Слегин проснулся заплаканным, утерся пододеяльником и около получаса думал о чем-то настолько самоуглубленно, что не замечал окружающего. Наконец он вынырнул из собственных глубин и увидел справа от себя, за окном, мутную предрассветность, а слева, с соседней кровати, услышал хриплое дыхание старичка Иванова.
– Коля! – позвал Павел вполголоса. – Тебе плохо? Может, кислородную подушку?
– Да! – придушенно прохрипел тот.
Слегин вскочил, наскоро оделся и поспешно пошел за медсестрой: теперь он уже не задыхался при ходьбе. Было раннее утро среды, на медпосту сидела сестричка Света и, высунув кончик языка, что-то медленно и красиво записывала в большой клетчатой тетради при желтом свете настольной лампы.
– Доброго здоровья.
– Здравствуйте, Павел.
– Иванову нужна кислородная подушка.
– Опять?! – воскликнула девушка и сорвалась с места.
Вскоре на груди Иванова, словно огромная ромбообразная бутыль, лежала кислородная подушка, и он жадно сосал ее содержимое через беленькую пластмассовую соску. Включили свет, разнесли градусники, потом рассвело и свет выключили, а старичок всё сосал и сосал кислород, уже без жадности, а подушка всё уплощалась и уплощалась, перемещаясь из трехмерного в двухмерное пространство. Накислородившийся Коля порозовел и повеселел, а бездыханная подушка, скатанная рулетиком, была унесена прочь.
На завтрак еще не звали, а Иванов уже успел принять два укола, выдышать подушку кислорода и теперь лежал под капельницей. Когда рот его освободился от соски, он сказал:
– Спасибо, Павел. Я сегодня точно бы помер, если б не ты.
– Всё в руках Божьих.
– Это точно. И еще говорят, что перед смертью не надышишься. – Он замолк, слушая, не скажет ли сосед чего-нибудь успокоительного, но тот был тих, и пришлось продолжить: – Я чую, не выйти мне отсюда. Не сегодня, так завтра – в ВЧК. – Вновь обоюдное молчание и вновь необходимость договаривать: – В деревне – сын беспутный, пропьет всё на… Прости, Павел.
– Бог простит. И ты меня прости.
– Что же мне делать?
– Ты крещеный?
– Да.
– Тогда – собороваться.
– Ничего себе советик, – усмехнулся Иванов. – Я, можа, и не помру, а ты меня уже отпевать снаряжаешь.
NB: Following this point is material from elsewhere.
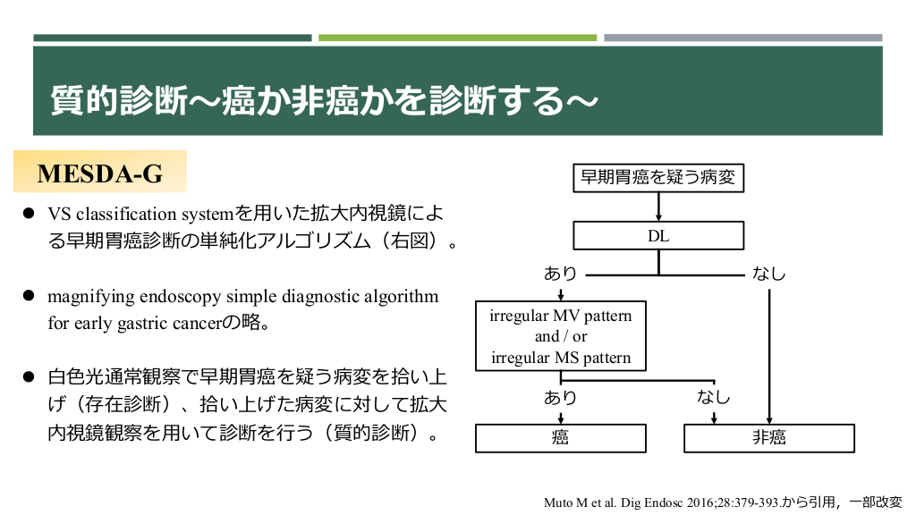 質的診断〜癌か⾮癌かを診断する〜 MESDA-G 早期胃癌を疑う病変 l VS classification systemを⽤いた拡⼤内視鏡によ る早期胃癌診断の単純化アルゴリズム(右図)。 l magnifying endoscopy simple diagnostic algorithm for early gastric cancerの略。 l ⽩⾊光通常観察で早期胃癌を疑う病変を拾い上 げ(存在診断)、拾い上げた病変に対して拡⼤ 内視鏡観察を⽤いて診断を⾏う(質的診断)。 DL あり なし irregular MV pattern and / or irregular MS pattern あり 癌 なし ⾮癌 Muto M et al. Dig Endosc 2016;28:379-393.から引⽤,⼀部改変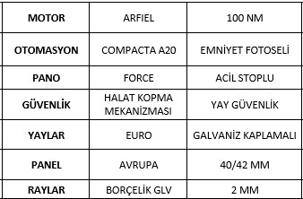 + Tüm aksasuarlar kapsama dahildir. Spesifik olarak seksiyonel ve yangın kapılarının çevresinin ilgili aksesuarlar ile kapatılması kapsama dahildir.

– Соборование – это не отпевание, – терпеливо объяснил Слегин. – Соборование – это одно из семи церковных таинств, помазание елеем больных. После этого таинства совсем не обязательно умирать. Наоборот – иногда происходит чудесное исцеление. И самое главное – при соборовании прощаются грехи, о которых забыл, и можно исповедоваться в грехах, которые помнишь. И еще сразу после соборования можно причаститься. А насчет помереть или не помереть – это уже как Бог даст.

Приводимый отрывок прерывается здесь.